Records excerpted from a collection
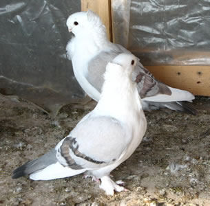 Bízom benne hogy a címben rejlő szójátékot azok is értik, akik nem beszélnek idegen nyelveket. A gold és silver angol szavak nagyon közönségesek a mindennapi életünkben, jelentésük, ki ne tudná , arany és ezüst. Bár fémek tekintetében az arany jóval értékesebb, mint az ezüst, galambszínezetek esetében nincs semmivel sem kisebb becsülete az „ezüst” galamboknak a sokkal ritkábban használt aranyokhoz képest. Van is ezüst színű galambunk bőven , győzze az ember számon tartani a sokféle, ámde egyöntetűen ezüstnek nevezett változatokat. Ezüst a vörös szalagos, ezüst a kék deres, ezüst a fekete milky, ezüst a dom vörös spread, ezüst a homo Indigó Spread, ezüst a kékszalagos faded, stb, stb, persze más -más fajták tenyésztőinek a nyelvében. Utoljára hagytam azt két közismert változatot,amit szintén nagyon gyakran ezüst éven illetnek. Ezek a kék, higított, szalagosok, és a barna szalagosok. Ezeket a kiállítási nomenklatúra szerint szokás kék fakónak és barna fakónak is nevezni, hozzáteszem hogy nem éppen logikusan. Ugyanis „ fakó” az leginkább a Féded gén magyar fordítása lenne, ezenkívül a barna esetében nincs is szó semmiféle színanyag hígulásról, hanem a hangsúlynak a barnaságon kellene lennie, hiszen itt egy megváltozott, de intenzívnek megmaradó alap színezettel van dolgunk. Bármilyen egyértelmű, és lényeges tartalmi különbség is van e két változat között,a gyakorlati valóság mégis csak az hogy ezek ránézésre igen csak hasonlítanak egymásra, nem véletlen, hogy mindkettőre rá lelhet húzni az „ezüst” elnevezést. Mivel különböző fórumokon többen szóvá tették, hogy a kék fakó galambokat nehéz megkülönböztetni a barnáktól, jelen írásomban megpróbálok rávilágítani néhány sajátosságra , melynek segítségével és némi szem gyakorlatozás után könnyebbé válhat ezek szétválasztása. Legkönnyebb dolgunk akkor van, ha a kérdéses galamb nálunk születik, és nem tarka, azaz nincsenek fehér tollai, az egész galamb tetőtől talpig színes. E szerencsés esetben, a barna intenzív színű fiókák normális mennyiségű és hosszú tollpihével bújnak ki a tojásból , míg a fekete alap(!)színű és egyúttal hígított fiókák csupaszok. Az egybefüggően színes tollazaton még érzékelhető az is hogy a barnák egyértelműben barnás árnyalatúak. A kék fakók színezete is mutat ugyan némi barnás árnyalatot, mégis ez utóbbiak szürkésebbek, különösen ha egymás mellet láthatjuk őket. Ha felnőtt galamb kerül a szemünk élé, akkor fürkésszük a szeme színét. A kék fakók szeme normális, azaz narancsos vörös színezetű, ezzel szemben a barnák szeme rózsás árnyalatú, un. hamis gyöngyszem, köszönhetően annak, hogy a sárga színanyag hiányzik belőle. Ez a módszer akkor tud megcsalni bennünket, ha a vizsgált nem barna galamb valódi gyöngyszemű. A gyöngyszemű, nem barna galambok szeme általában kidolgozott szinte fehér színű. Hozzájuk képest a hamis gyöngyszem vastagon vérerekkel keretezett, csak a pupilla mentén látszik egy keskeny fehér szegély. Amennyiben a barna változat is valódi gyöngyszemű, (hamis gyöngyszem helyett igaz gyöngyszem) akkor ez a módszer alkalmatlan a megkülönböztetésre. Ősz tájékán a vedlő tollak adhatnak támpontot. A barna alap pigment tulajdonsága ugyanis, hogy a fény hatására jelentős mértékben elbomlik, ezért a nyár végére a barna tollak látványosan kiégnek, kivilágosodnak, erős kontrasztot figyelhetünk meg a frissen előbújt és a még el nem hullatott tollak között. Ez a jelenség a kék fakóknál kevésbe szembeötlő. Ezek volnának , azok a bizonyos külső jegyek, melyek teljesen színes galambok esetén segítségünkre lehetnek, gyorsan hozzá téve hogy mindig fordulhatnak elő szituációk, amikor nem tudunk határozott döntést hozni. Ennek oka, hogy az aktuális galamb hordozója/viselője lehet további más sötétítő, vagy éppen világosító géneknek is, melyek kicsit barnásítják a szürkéseket , esetleg szürkésítik a barnásakat. Határozottan nehezedik a helyhez ha a galamb tarka. Minél nagyobb testfelület színtelen ugyanis, annál nehezebb tipikus színes felületet találni ,amin szemünkkel vizsgálódhatnánk (pl fehér fejű, fehérfarkú-csapos, szalagos szívesek, de a színes farkú is nehéz eset). Fokozottan igaz mindez akkor ha a kérdéses fajta nem csak, hogy erősen (szabályos= rajzos) tarka, de ráadásul , mindezek tetejébe még a sötét szárny- és/vagy farok mintázatokat „fehérítő gének”( pl. Toystencil ) tüntetik el a szemünk elől. Ezzel meg is érkeztem a címben szereplő keleti sirályka színváltozathoz. A kissé hosszúra nyúlt bevezetésben leírtak miatt, nem lehet csodálkozni azon az ős régi megszokáson, hogy minden szalagos szatinettát, legyen az barna szalagos, vagy kék higított szalagos,( tehát valamilyen nem kék színű) , egységesen szilverettának neveznek a tenyésztők. A nevezés mindkét lehetséges értelmében igaz ez. Tehát a nevük sem különbözik és a kiállítási katalógusokba való nevezéskor sem tesznek különbséget közöttük. Az alább következő néhány mondatban megpróbálom láthatóvá tenni a láthatatlant, bemutatni, hogy a különbség létezik, és tekintettel kell lennünk iránta. A probléma mint jeleztem az, hogy a szatinetták szalagjai a toystencil és frill stencill (Gibson rendszere szerint) gének hatása miatt egységesen fehér tükrösek, az eredeti színezetből csak egy milliméter vékonyka szegély marad látható, vajmi kevés lehetőséget hagyva a vizsgálódásra. Ugyanakkor, pont a szárnyakra ható Toysencil gén csomag az , amelyik látványos segítség lehetőségét rejtegeti a az alapszínezetek megkülönböztethetőségére! Ugyanis, a fehér sz
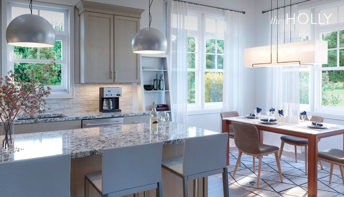 Quietly nestled in the charming hamlet of Cutchogue, in the town of Southold, Harvest Pointe provides a graceful way to live for active-adults 55+. The Holly Model offers sophisticated style with a modern layout design, a spacious three bedroom home featuring minimum 9'-12' ceilings in main rooms on first floor, 8' recessed panel doors in most rooms on first floor and 3.25" wood flooring in main rooms on first floor, with choice of stains. Gre
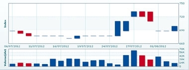 8月6日のCSXインデックスは先週末比変わらずの698.92で取引を終えた。売買高は先週末比+23.0%増の1万5200株、売買代金は同+23.0%増の9880万KHRだった。
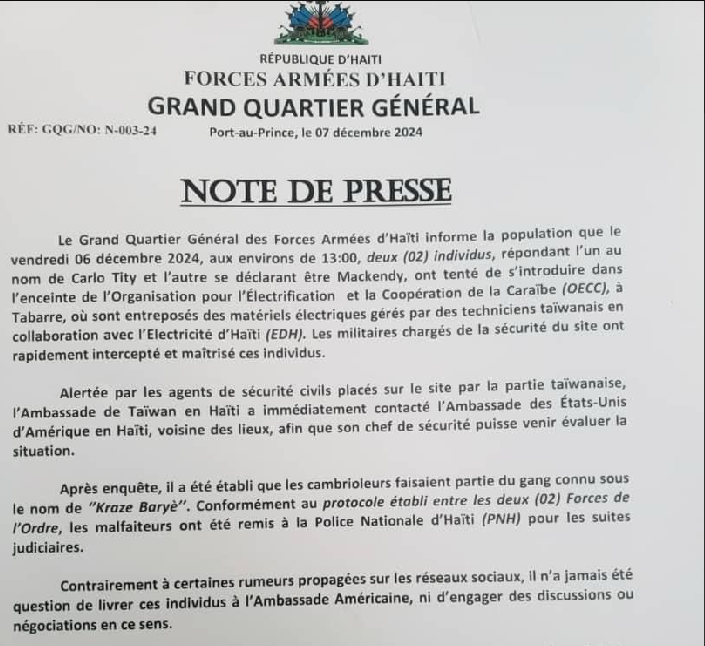 Selon l’émission de Theriel Telus de ce vendredi 6 décembre 2024, des bandits appartenant au groupe armé dirigé par Vitelhome ont tenté de briser les murs de la base du FAd’H (Forces Armées d’Haïti) à Tabarre.
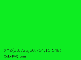 XYZ 30.725,60.764,11.548 Color is a normal green color and the nearest color is Green #00ff00. Hex code #0ded21 and RGB value is rgb(13,237,33). In RGB color space, this color is composed of 5% red, 93% green, 13% blue, In CMYK color space, this color is composed of 95% cyan, 0% magenta, 86% yellow , 7% black , In HSL color space, this color has a hue angle of 125° , 90% saturation and 49% lightness.
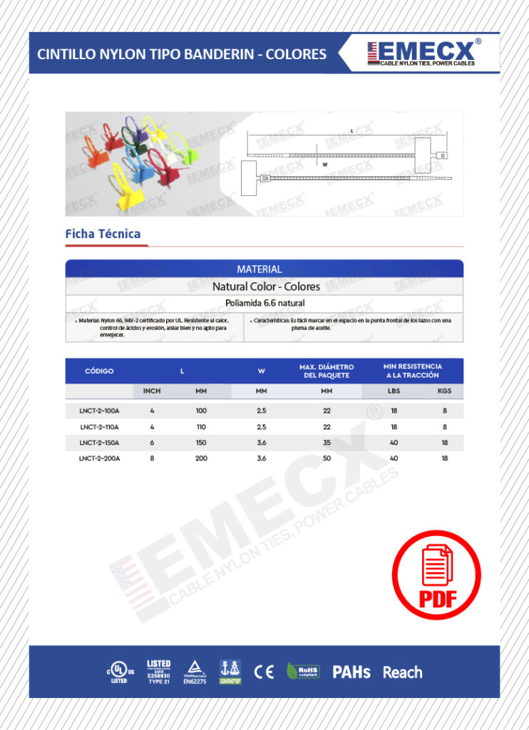 Ficha Técnica Cintillo Nylon (blanco-negro-colores) Ficha Técnica Cintillo Metalico Ficha Técnica Cintillo Nylon tipo bandera Ficha Técnica cintillo nylon tipo banderin-colores
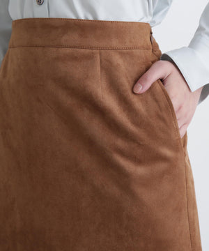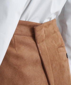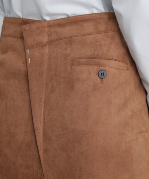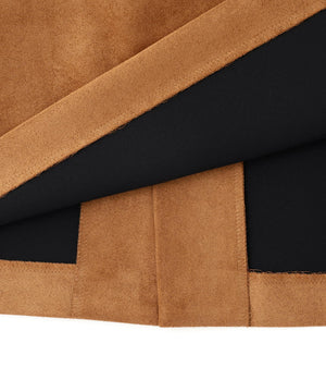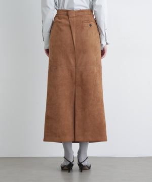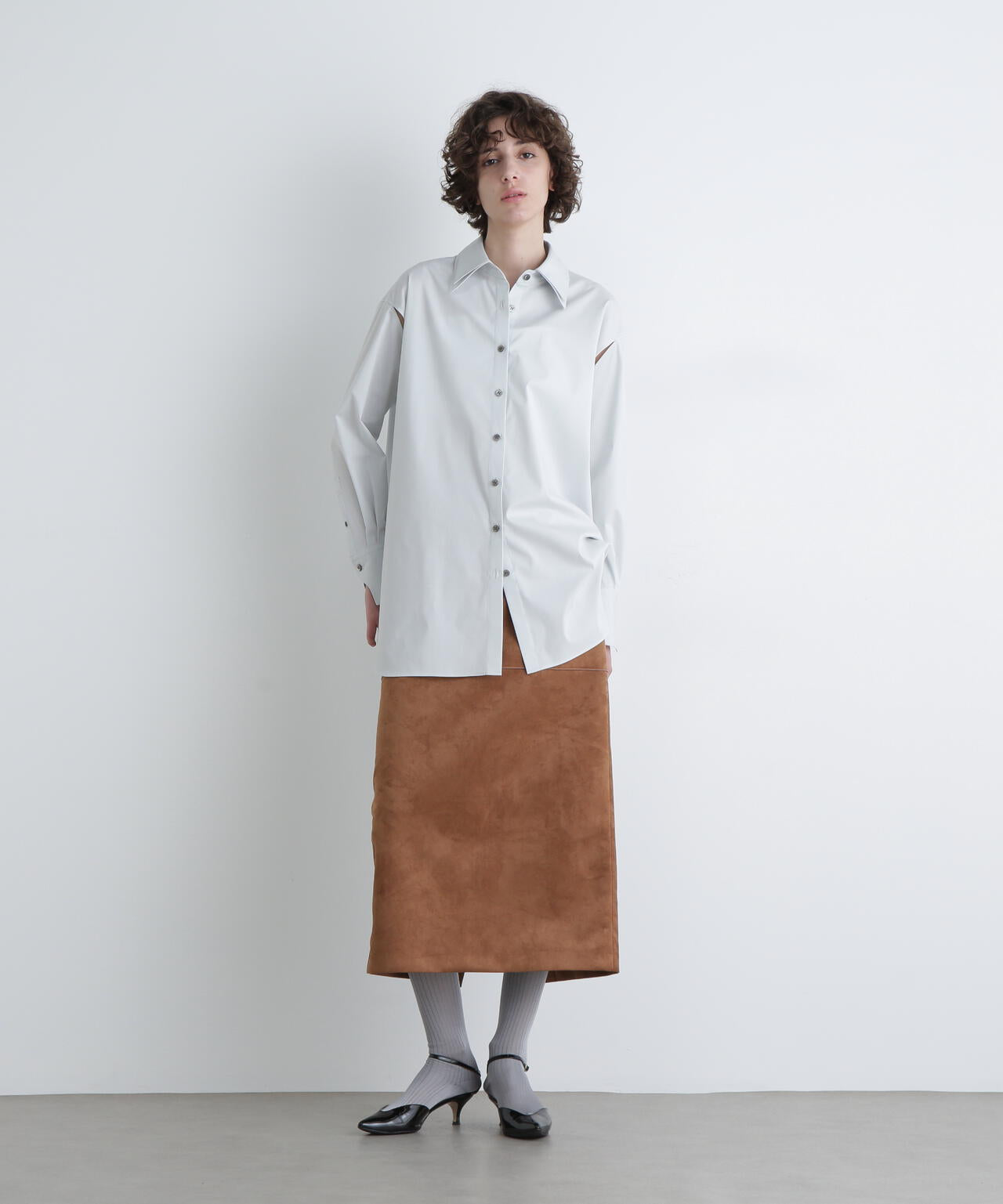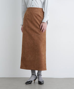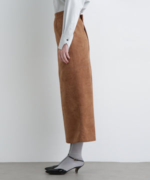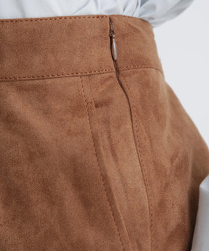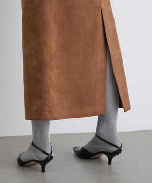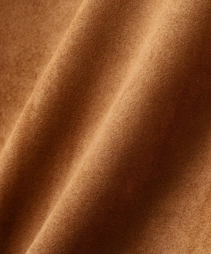 パイルの様な表情のふくらみのあるポリエステル糸を編み込み、表面を起毛することで、スウェード調の表情を持たせた素材で仕立てました。
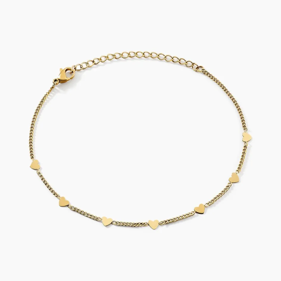 Bracelet Acier Jaune Coeurs Maille Forcat 17+5cm
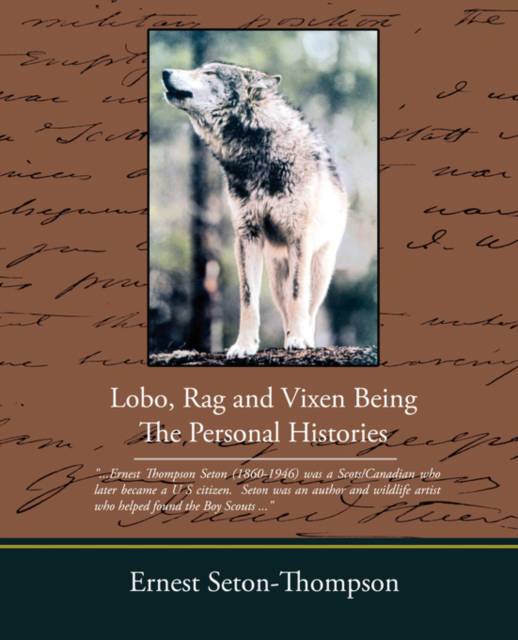 Ernest Thompson Seton (1860-1946) was a Scots/Canadian who later became a U S citizen. Seton was an author and wildlife artist who helped found the Boy Scouts of America. His notable books related to Scouting include The Birch Bark Roll and The Boy Scout Handbook. Seton is responsible for the inclusion of American Indian culture in the Boy Scout program. Lobo, Rag and Vixen Being The Personal Histories Of Lobo, Redruff, Raggylug & Vixen begins with a note to the reader which says, "These Stories, selected from those published in "Wild Animals I Have Known," are true histories of the animals described, and are intended to show how their lives are lived. Though the lower animals have no language in the full sense as we understand it, they have a system of sounds, signs, touches, tastes, and smells that answers the purpose of language, and I merely translate this, when necessary, into English."
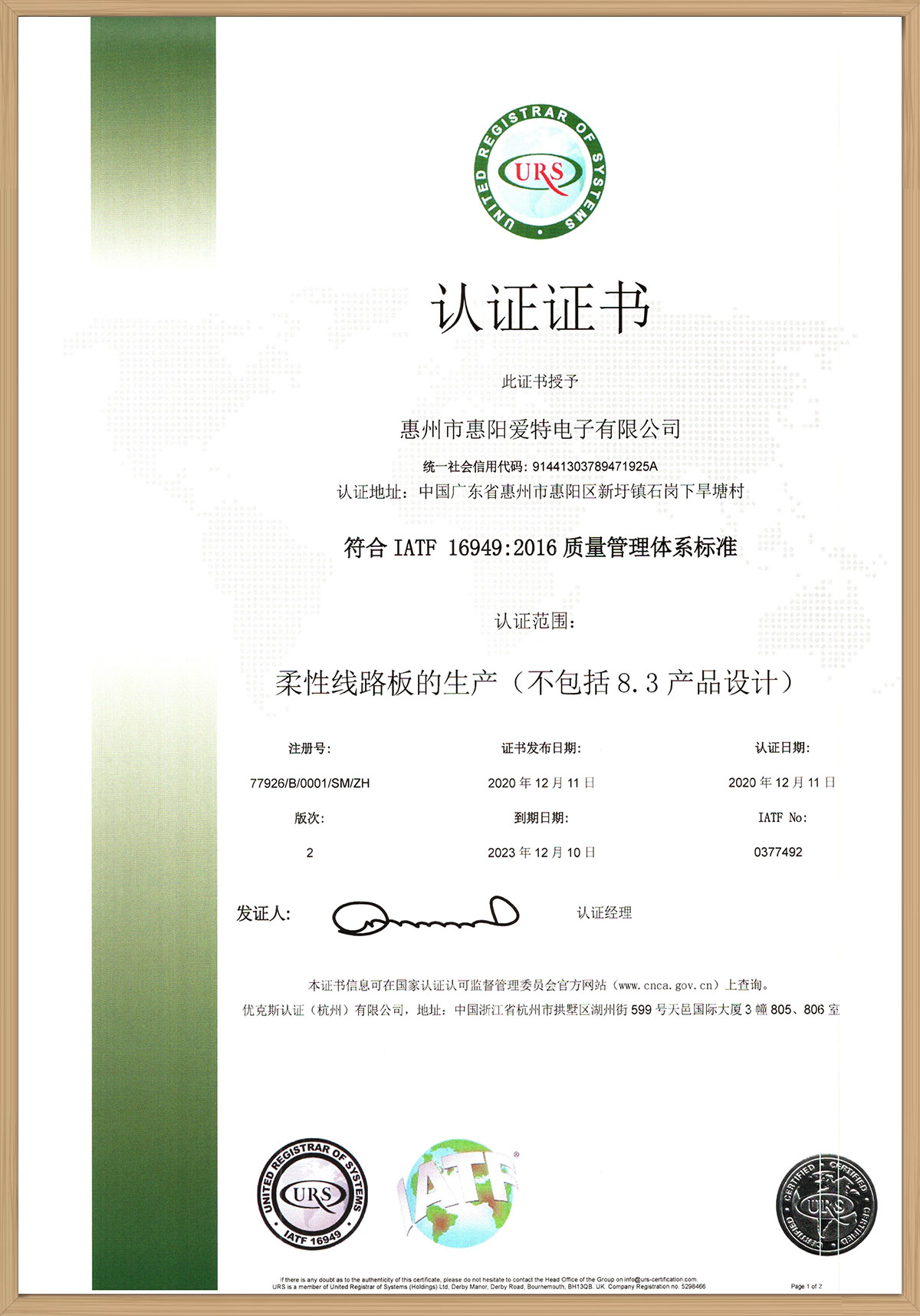 IATF16949證書
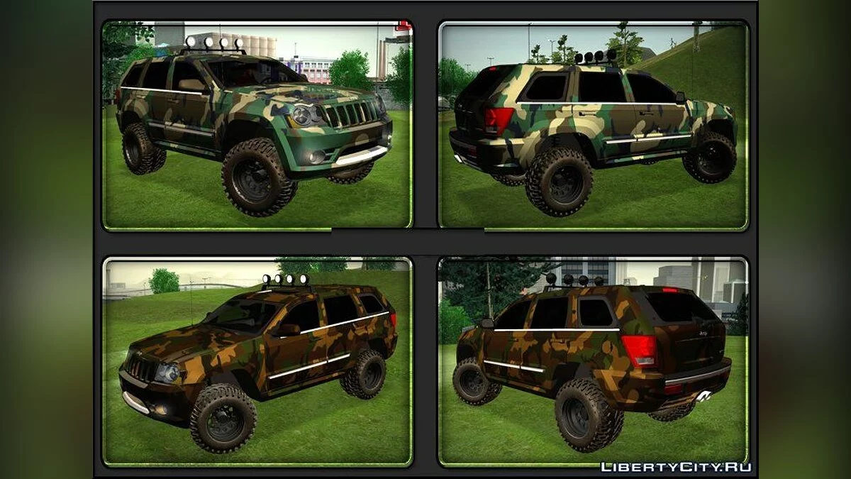 Красивый, яркий и качественный автомобиль марки JEEP внесёт каплю разнообразия в любую подборку автомобилей вашей GTA San Andreas.
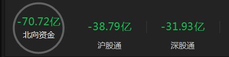 截至A股收盘,北向资金合计净卖出70.72亿元,其中沪股通净卖出38.79亿元,深股通净卖出31.93亿元。
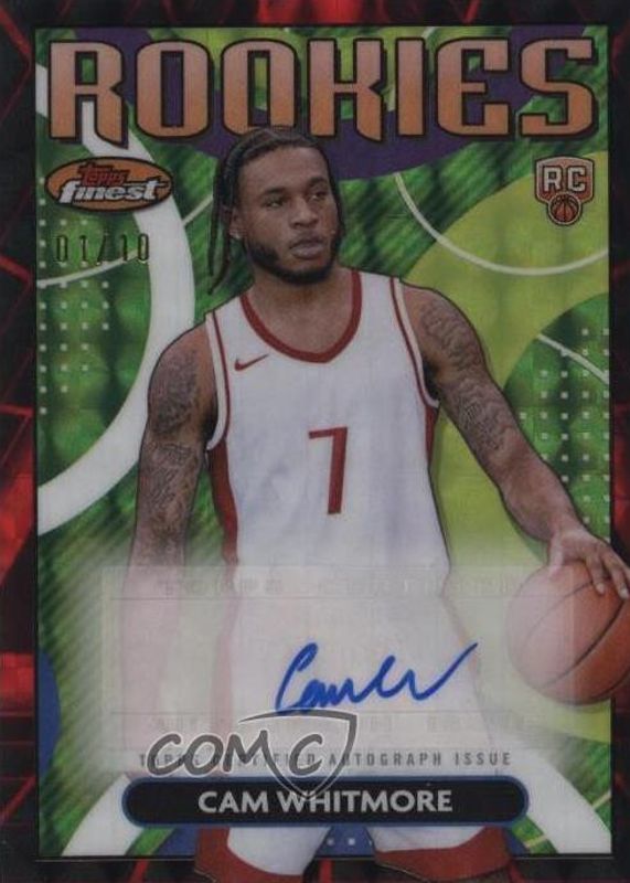 The Cam Whitmore 2023 Topps Finest #RFA-CW Rookie Finest Autographs - Red & Black Vapor Refractor /10 card in Raw condition has not changed in price in the last 30 days and was last sold for $46.54 .
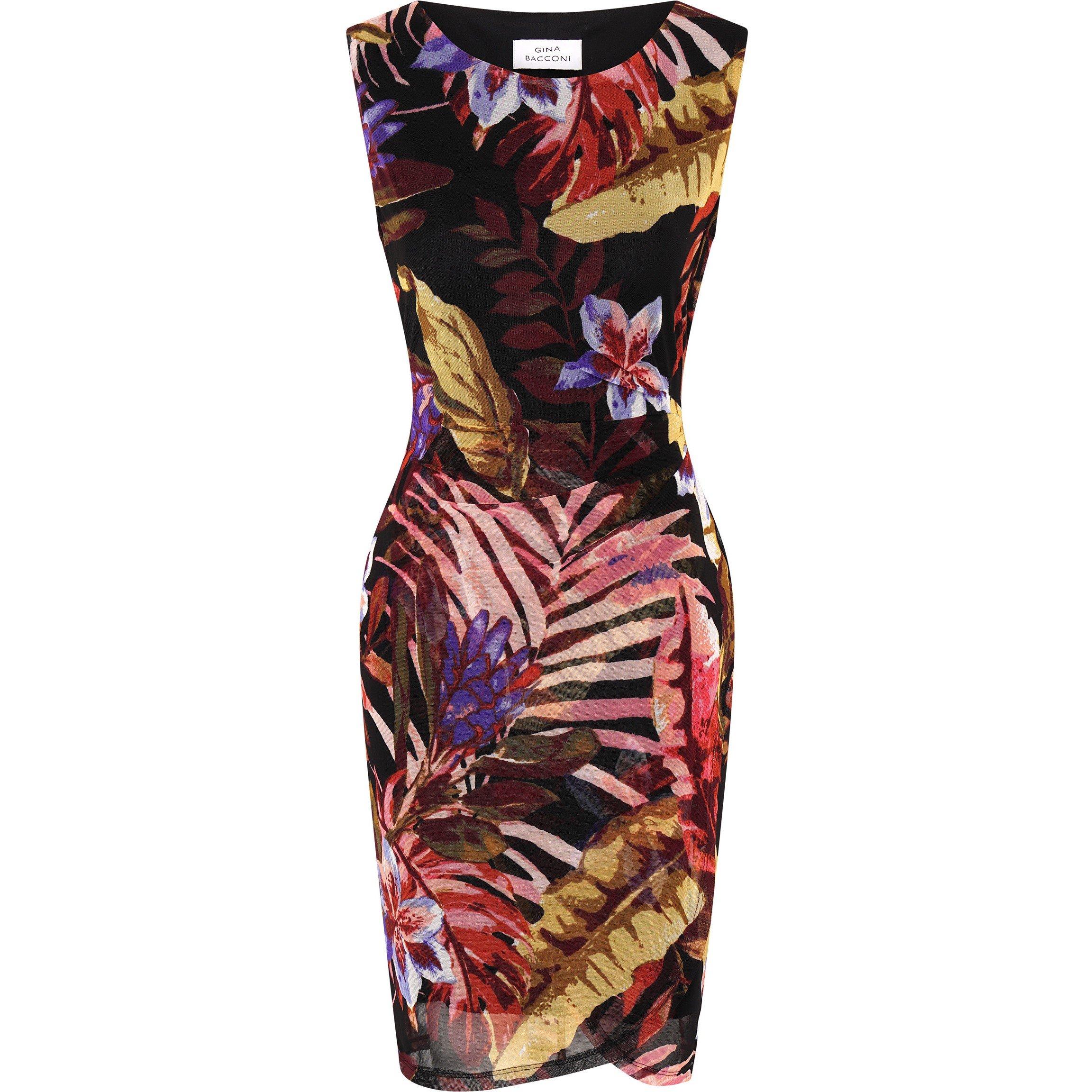 Our new vibrant Aimee tropical print dress features a gorgeous botanical print in shades of pink, purple and green, this striking piece combines effortless style. The sleeveless silhouette and round neckline offers a clean and classic style, it is a perfect dress for daytime events, evening occasions, or warm weather getaways.

**PROMPT:** Leave the pictures out, and transcribe exactly the lines above starting at the one that contains "Красивый, яркий и" and ending at the one that contains "截至A股收盘,北向资金合计净".

**SOLUTION FOR THIS TASK:**
 Красивый, яркий и качественный автомобиль марки JEEP внесёт каплю разнообразия в любую подборку автомобилей вашей GTA San Andreas.
 截至A股收盘,北向资金合计净卖出70.72亿元,其中沪股通净卖出38.79亿元,深股通净卖出31.93亿元。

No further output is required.